Goal of the exercise → Repeat the data word for word and skip the pictures.

Information supplied →

• • • •

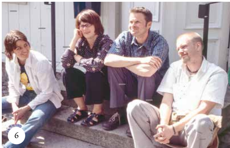
Ett av många tillfällen då IMs alla utlandsvolontärer träffats på Vrigstad, 2003 (artikelförfattaren till höger).

Efter att först ha fungerat som flyktingboende har Vrigstadhemmet på senare år varit bas för IMs verksamhet i Småland med insatser inom integrationsområdet, hotellverksamhet och öppna aktiviteter som till exempel soppluncher samt många planeringsdagar och möten för IMs medarbetare.
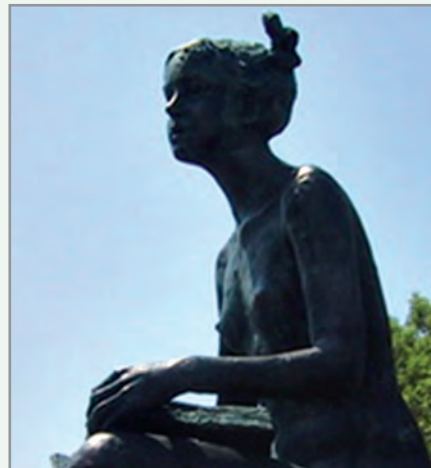
Deklica z rastočo knjigo

Na lanskem dnevu naše četrtne skupnosti smo k srečanju ob Deklici povabili predstavnike odborov političnih strank, ki delujejo na območju naše četrtne skupnosti. Želeli smo si, da bi spoštljivo prisluhnil predstavitvi po ene pomembne vrednote vsake od strank. Lansko leto je to naredil le predsednik ČO ene od strank. Zelo

• • • •

Answer area →
Ett av många tillfällen då IMs alla utlandsvolontärer träffats på Vrigstad, 2003 (artikelförfattaren till höger).

Efter att först ha fungerat som flyktingboende har Vrigstadhemmet på senare år varit bas för IMs verksamhet i Småland med insatser inom integrationsområdet, hotellverksamhet och öppna aktiviteter som till exempel soppluncher samt många planeringsdagar och möten för IMs medarbetare.
Deklica z rastočo knjigo

Na lanskem dnevu naše četrtne skupnosti smo k srečanju ob Deklici povabili predstavnike odborov političnih strank, ki delujejo na območju naše četrtne skupnosti. Želeli smo si, da bi spoštljivo prisluhnil predstavitvi po ene pomembne vrednote vsake od strank. Lansko leto je to naredil le predsednik ČO ene od strank. Zelo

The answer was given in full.